Using the FortiGate Virtual firewalls with SDN connector architecture allows users to take advantage of the following capabilities.

Supported firewall vendors

Here we identify which firewall vendors are supported.

This pattern is intended to be used with Fortinet (FortiOS) virtual appliances. It relies on the use of a Fortinet SDN connector that integrates with the IBM Cloud API to provide seamless failover between appliances. For details on using Fortigate next-generation firewalls in IBM cloud see About FortiGate for IBM Cloud. You can use an automation asset to deploy a pair for Fortigate appliances in an active/passive HA pair by using Terraform.

Supported Connectivity Options

This pattern supports inspection for the following connectivity options:

  • Public connectivity: the active firewall appliance is configured to use a public floating IP address or Public Address Range, allowing the inspection of public traffic.
  • Private connectivity with Direct Link: inspection of private traffic that is entering the environment with Direct Link is supported.
  • Private connectivity with VPN: inspection of private traffic that is entering the environment with VPN is supported.
  • East/West traffic: inspection of traffic that is flowing between the spokes VPC is supported.

Architecture option 1
Architecture option 1

Connectivity guidance

Many possible variations that use the preceding connectivity options are possible. Each variation requires its own considerations and adjustments to the configuration. Covering all these variations is outside of the scope containable here. Instead, a working example and provide general guidance is shown.

East-west inspection

East-west traffic inspection can be achieved by using a combination of an egress route in the spokes and an ingress route on the TGW.

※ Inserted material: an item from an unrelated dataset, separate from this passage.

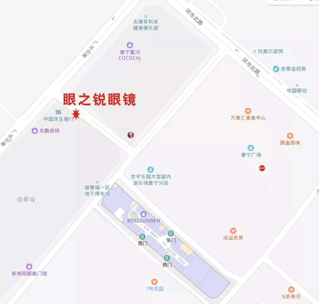 本店主营近视镜、太阳镜、隐形眼镜、护理液等。免费提供验光、清洗、校正、修理。店址:普宁市流沙御景城一期56号(即民生银行旁边,COCOCity 2号门又一茶斜对面)。电话:0663-2505368

When a failover of the firewalls occurs, only route tables of the VPC hosting the firewalls are updated. The TGW ingress route of the transit VPC is updated to reflect the new active firewall, while egress routes of the spoke VPCs are not updated.

With the combination of the two route tables:

  • The egress route sends traffic toward the transit VPC (by specifying an IP of the transit VPC as the next hop).
  • The TGW ingress route of the transit VPC then forwards the traffic to the correct (active) firewall as next hop.

Without the TGW ingress route, communication works until a firewall failover occurs.

High availability

IBM VPC Cloud users can deploy their FortiGate virtual appliances in an active/passive HA configuration.

The HA configuration uses FortiGate’s native clustering mechanism together with FortiGate’s SDN connector for IBM Cloud integration. Using this connector, a failover automatically triggers routing changes and floating IP address reassignment on the IBM Cloud with the IBM Cloud API to reflect the new path. For details on this integration see FortiGate SDN connector. This failover mechanism enables:

  • Fast failover between FortiGate nodes.
  • Automatic route updates and FIP reassignment by using SDN connector.
  • Stateful failover by using session sync (session pickup) can be configured.
  • While zonal and regional (cross-AZ) redundancy configurations are supported, regional configurations require Public Address Ranges to be used for public traffic.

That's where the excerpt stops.